Member of Parliament
- In office 1 October 2001 – 6 August 2024
- Preceded by: Giasuddin Quader Chowdhury
- Succeeded by: Giasuddin Quader Chowdhury
- Constituency: Chittagong-6

Personal details
- Born: 6 November 1954 (age 71) Chittagong, East Pakistan, Pakistan
- Party: Bangladesh Awami League
- Spouse: Rizwana Yusuf
- Parent: A.K.M. Fazlul Kabir Chowdhury (father);
- Relatives: The Chowdhury family of Chittagong
- Education: University of Chittagong

= A.B.M. Fazle Karim Chowdhury =

Bangladeshi politician

A.B.M. Fazle Karim Chowdhury is a Bangladesh Awami League politician and a former Jatiya Sangsad member representing the Chittagong-6 constituency. He was elected to five consecutive terms. He was the chairman of the Parliamentary Standing Committee of the Railways Ministry.

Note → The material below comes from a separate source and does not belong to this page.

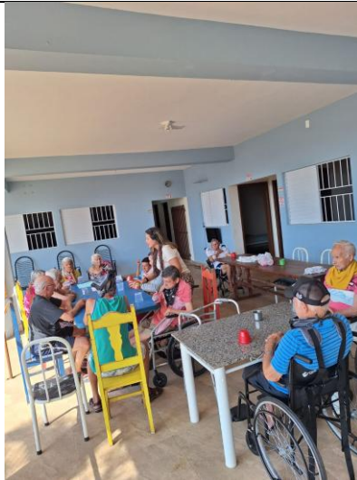
08/09/2025 – acompanhamento da Psico.
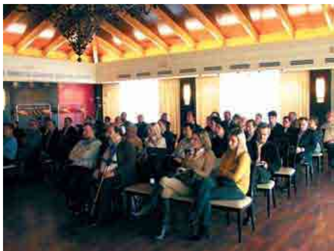
Vista general del público asistente a la Junta General Ordinaria de ENA

His father, A.K.M. Fazlul Kabir Chowdhury, served as a member of parliament as well as leader of the opposition in the East Pakistan Provincial Assembly.

== Early life ==
Chowdhury was born on 6 November 1954. He has a B.A. and an M.A. degree in history from the University of Chittagong. His father was AKM Fazlul Kabir Chowdhury, and his uncle was Fazlul Quader Chowdhury. His cousins and Bangladesh Nationalist Party politicians, Salauddin Quader Chowdhury and Giasuddin Quader Chowdhury, were major political opponents of Chowdhury in Chittagong.

==Career==
Chowdhury was elected to parliament in 2001 from Chittagong-6 as an Awami League candidate with 52 percent of the vote. He faced two murder charges; he received acquittal in one and a discharge in another.

Chowdhury was re-elected to parliament from Chittagong-5 as a candidate of Awami League with 49 percent of the votes. Chowdhury served as the chairman of the Parliamentary Standing Committee on the Ministry of Housing and Public Works. He was a member of the Parliamentary Standing Committee on the Chittagong Hill Tracts Affairs Ministry.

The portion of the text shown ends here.